Prosperity knits a man to the world. He feels that he is ‘finding his place in it’ while really it is finding its place in him.

It’s a gut-punching statement. 

After all, most of us spend a considerable amount of time looking for our place in this world.

There are songs about it, and myriad of books that try to help us answer that question.

Usually, when people talk about finding their place, it means finding their niche – their area where they can have greater success than other people.  Their looking for their unique way to make a contribution; how they can provide value that no one else can.

The way that our world acknowledges such a contribution is by allowing that person to prosper.
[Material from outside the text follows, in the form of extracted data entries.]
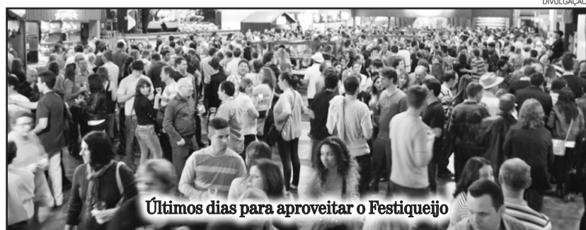
Últimos dias para aproveitar o Festiqueijo
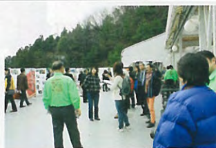
マスコミ等を対象にしたツアーコンベンション
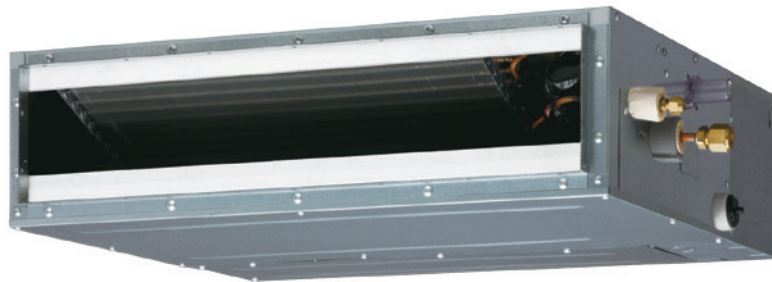
ARGD 4-14 G
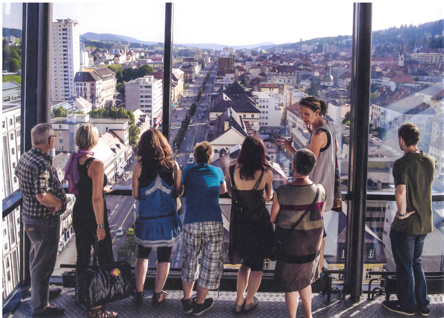
Eine Aufnahme in die UNESCO Welterbe-Liste bringt Verantwortung: Die Interessen der Einheimischen und Touristen müssen abgewogen werden.

Seit jeher ist die Auszeichnung als Unesco-Welterbe untrennbar auch mit dem Tourismus verbunden. Wird eine Stätte neu in die Welterbe-Liste der Unesco aufgenommen, gewinnt sie automatisch an Bekanntheit. Dies löst unterschiedliche Reaktionen aus. So ermöglicht sie einerseits neue Einnahmequellen. Wenn die lokalen Akteure aber nicht genügend auf die Besucherströme vorbereitet sind, kann sie andererseits im schlimmsten Fall gar den «aussergewöhnlichen universellen Wert» einer Stätte gefährden. In der Schweiz ist dieses Szenario glücklicherweise noch weit entfernt. Damit dies so bleibt, ist es wichtig, sich stetig für einen qualitativ hochwertigen und nachhaltigen Tourismus einzusetzen. Genau das tut der Verein World Heritage Experience Switzerland (WHES) seit über zehn Jahren. Im nachfolgenden Interview gibt Nadia Fontana Lupi, Präsidentin von WHES Auskunft.
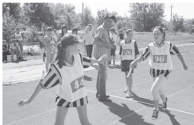
На последнем этапе

Что ж, значит, юниорам есть к чему стремиться. Впрочем, тренеры сами знают
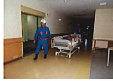
▲実際の避難訓練の様子

九月十四日に夜間総合防災訓練を行いました。近隣住民の方々や、行政、消防の方々のご協力により、毎年実施している活動ですが、今年も滞りなく終了する事が出来ました。夜間総合防災訓練後の反省会にも多数のご出席頂きありがとうございます。今後も毎月の防災・防犯訓練を重ねながら、防災・防犯意識の向上に努めて参ります。
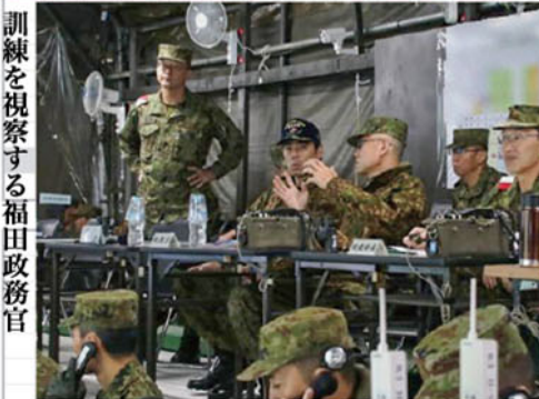
訓練を視察する福田政務官
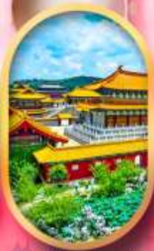
เมืองจำลองสามก๊ก
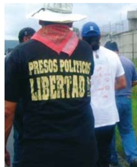
Protestas a las afueras del Penal de Molino de Las Flores

La campaña antirrepresiva de la CGT no se detiene. Atenco tampoco. Los puentes de entendimiento, conocimiento recíproco y trabajo común desde un lado al otro del océano y viceversa, van en aumento. Será que el sueño va a lomos de un caracol. El sueño va, con grandes dosis de cotidianeidad.
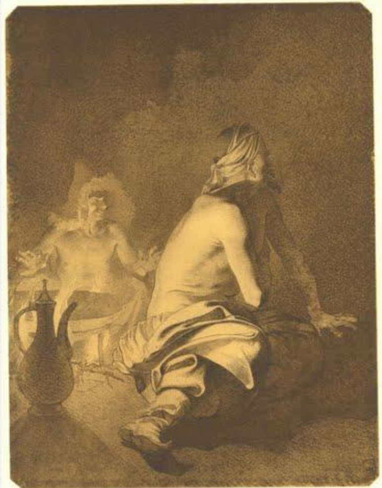
І. КРАМСКОГО «КАЗАХИ БІЛЯ ВОТНОЮ». Сенік. [6. X 1848—2 I II 1849].

23 квітня 1850 р. Шевченка заарештували за порушення царської заборони писати й малювати. Після слідства в Орській кріпості його перевели до Новопетровського укріплення на півострові Мангишлак.
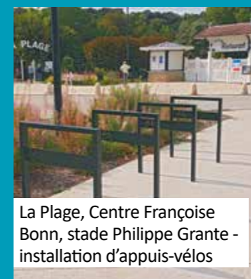
La Plage, Centre Françoise Bonn, stade Philippe Grante - installation d'appuis-vélos
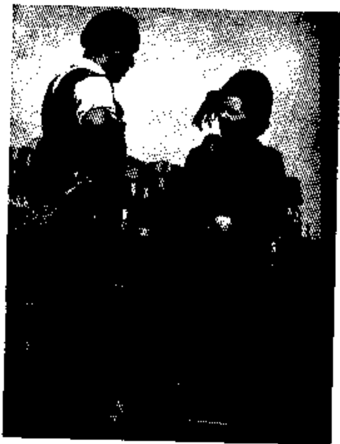
၁၉၅၁ခုနှစ်အောက်တိုဘာလတွင် တွက်တော်အမတ်ရွေးကောက်ပွဲခင်းရန် အလုပ်သမားများနှင့် တွေ့ဆုံမိဆွယ်နေစဉ် (ဖြိုဦးထွက်တွင် ရှောင်ခိုခဲ့သည်။)
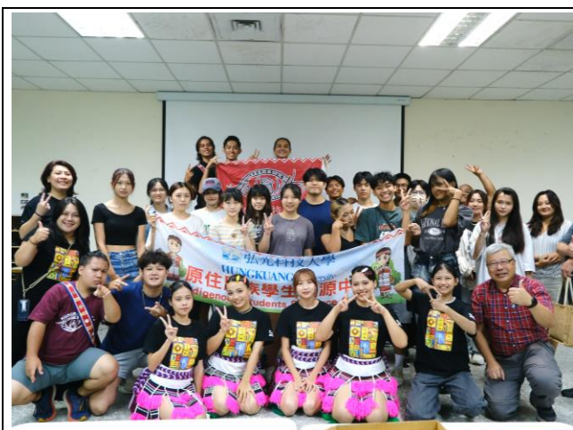
初聚原心活動全體大合照
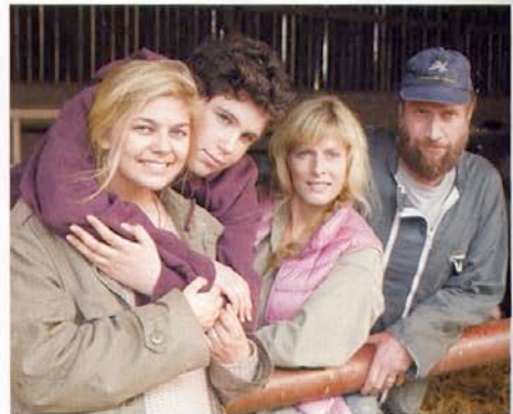
La Famille Bélier avec la jeune chanteuse Louane
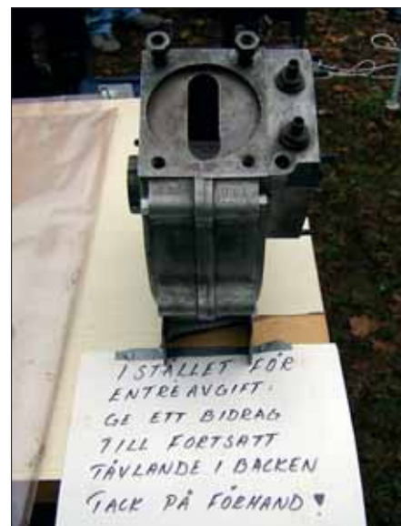
Ett vevhus från en v-twin får tjäna som sparbössa för oss arrangörer
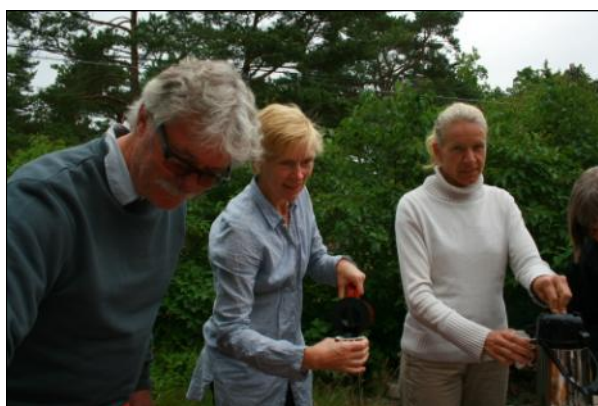
Affären bjöd som vanligt på kaffe efter årsmötet i Harö skola.
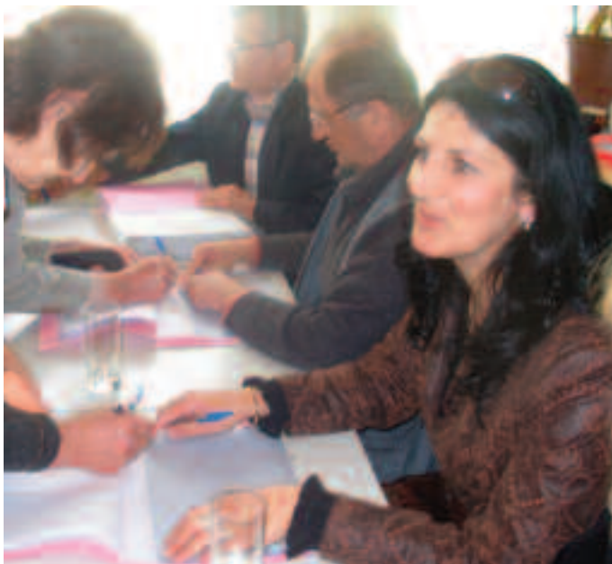
Коловрат: Осмех лепшег дела бирачког одбора
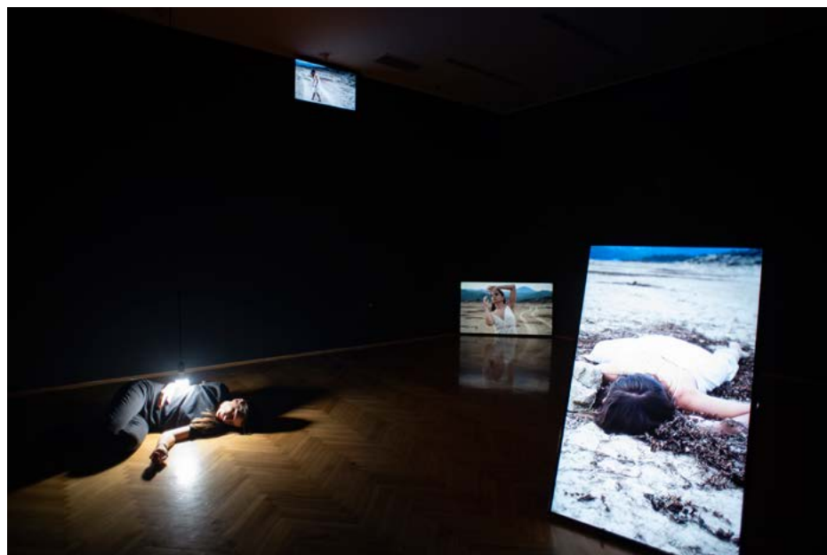
Čiji su moji snovi, mix media: performans, devetokanalna video-instalacija, audio, svjetlo, 2022.

Prostornu instalaciju Čiji su moji snovi umjetnice Milke Delibašić čini devet kratkih video-formi, ritmički postavljenih u prostoru Galerije „Botanička bašta“, gdje se ova dinamika postavke uspostavlja i očitava na dva nivoa: jedan je precizno osmišljena, čvrsta struktura, uzglobljenih metalnih proteza/nosača i objekata/ekrana, a drugi – mreža pokretnih slika. Iako se ova mreža odnosā čini već dovoljno kompleksnom, umjetnica je dodatno usložnjava uvođenjem još jednog elementa, umnogome drugačijeg po svojoj medijskoj prirodi. Riječ je o umjetničinom nepomičnom tijelu, koje razvija komplementarne relacije u već zamršenoj konstelaciji odnosa. Pitanje u nazivu stvara vrtoglavicu i decentrira odgovor, te se naslovom naglašeno moji , kojim se želi implicirati lično, radikalno cijepa i seli u ono što slike žele.
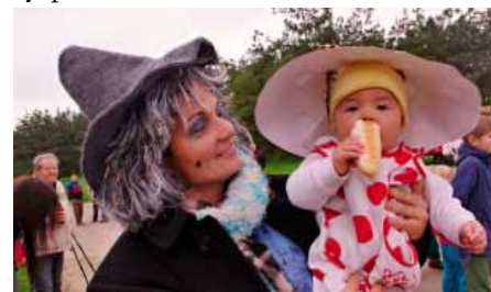
Nejmladší účastníci byla Verunka alias muchomůrka.

Zvuk traktůrků a fréz se rozléhal Vranovicemi v sobotu 4. října. Vranovický Hlinek zaplnili závodníci v maskách. Na startu nechyběla závodnická čísla s názvem Hospoda, Babka s dědkem Saroléa, do jedné z fréz zasedli strašidelní Vřískoti, závodili také Husité nebo Turisté. Nejmladší účastníci byla muchomůrka Vendulka, která měla připraveno speciální vozítko – peřinami vycpanou káru.
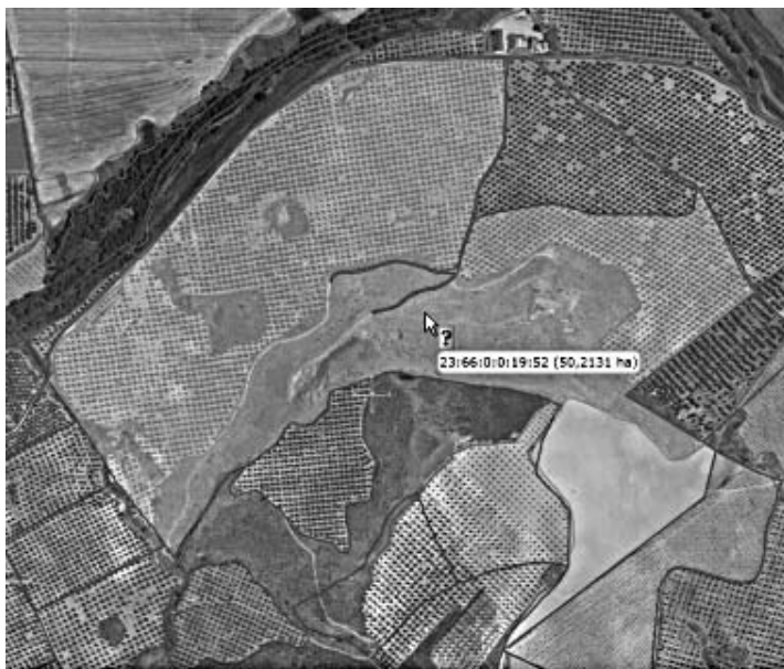
Fotografía: parcela SIGPAC que contiene diferentes recintos.

La identificación de parcelas del SIGPAC ha permitido introducir una nueva definición de parcela aplicada en los seguros agrarios del Plan 2011.
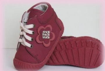
COD: ZI4CSV BORDO
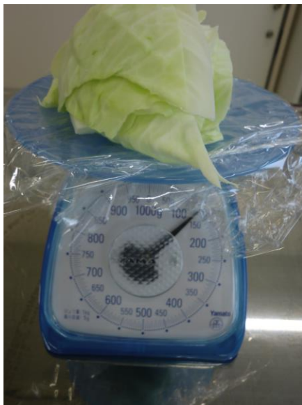
②具材の重さを量ります
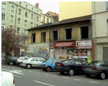
Vue de la façade rue Béchevelin IVR82_20016900939NUCA
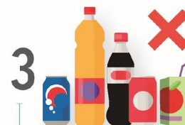
3 No vender refrescos ni bebidas azucaradas
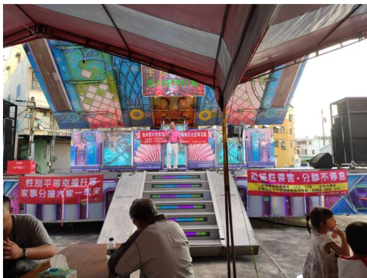
照片說明:配合里民中秋節聯歡暨登革熱政令宣導活動，宣導性別平等
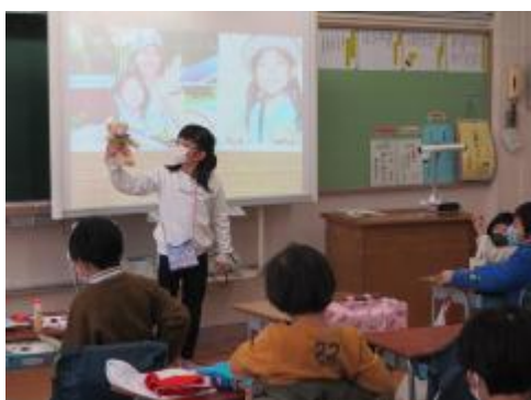
電子黒板も使って発表です

「これまでのわたし これからのわたし」という単元の学習に合わせ、「〇さいのころはこうだった」と写真や文章を使って、カードにまとめています。今日は「4さいから6さいのころ」の発表をしました。その頃の懐かしい物を持ってきてみんなに見せると「それ、知ってる！」など、見ているみんなも懐かしがって喜んでみていました。
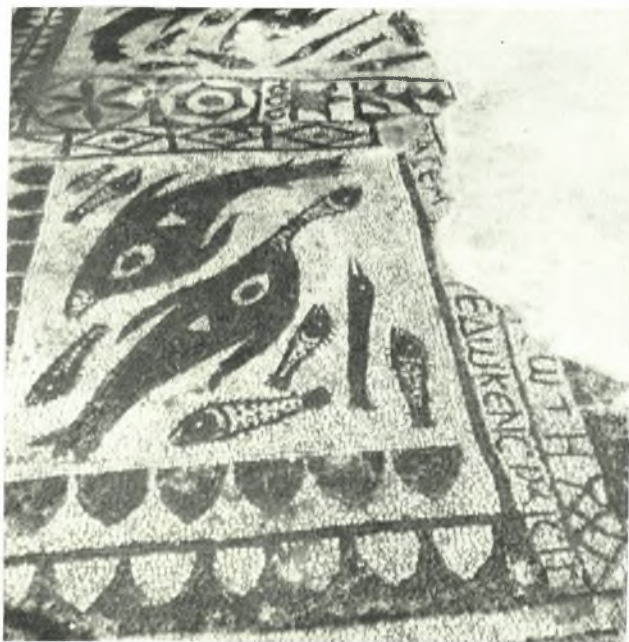
β. Ψηφιδωτὸν διάχωρον μετὰ παραστάσεως ἰχθύων καὶ ἐπιγραφῆς τῆς βασιλικῆς Ὀλοῦντος. Institutional Repository - Library & Information Centre - University of Thessaly 01/06/2024 19:47:41 EEST - 18.221.200.136

Be it money, fame, prestige or acclaim, our reward for finding our niche, our area of unique contribution, is at the feeling that we have finally arrived; it’s a feeling of belonging and achievement.

Of course the problem is that the Christian does not belong to this world. So if we are finding our place in it, we are actually in the wrong location. If we measure success by the rewards that this world offers, our measuring tape is misaligned. The goal shouldn’t be to achieve much in this world, but in the next. Our mission isn’t to be prosperous in this life, but to prosper God’s Kingdom.

And if our hearts are knitted to this world, than they aren’t knitted to Christ. We are no longer seeking His kingdom, but our own.  

So while God may bless our efforts, and allow us to do well in the field to which He has called us, may we never think that we have found our place in it. Instead, may our feeling of belonging and significance always be found in Him.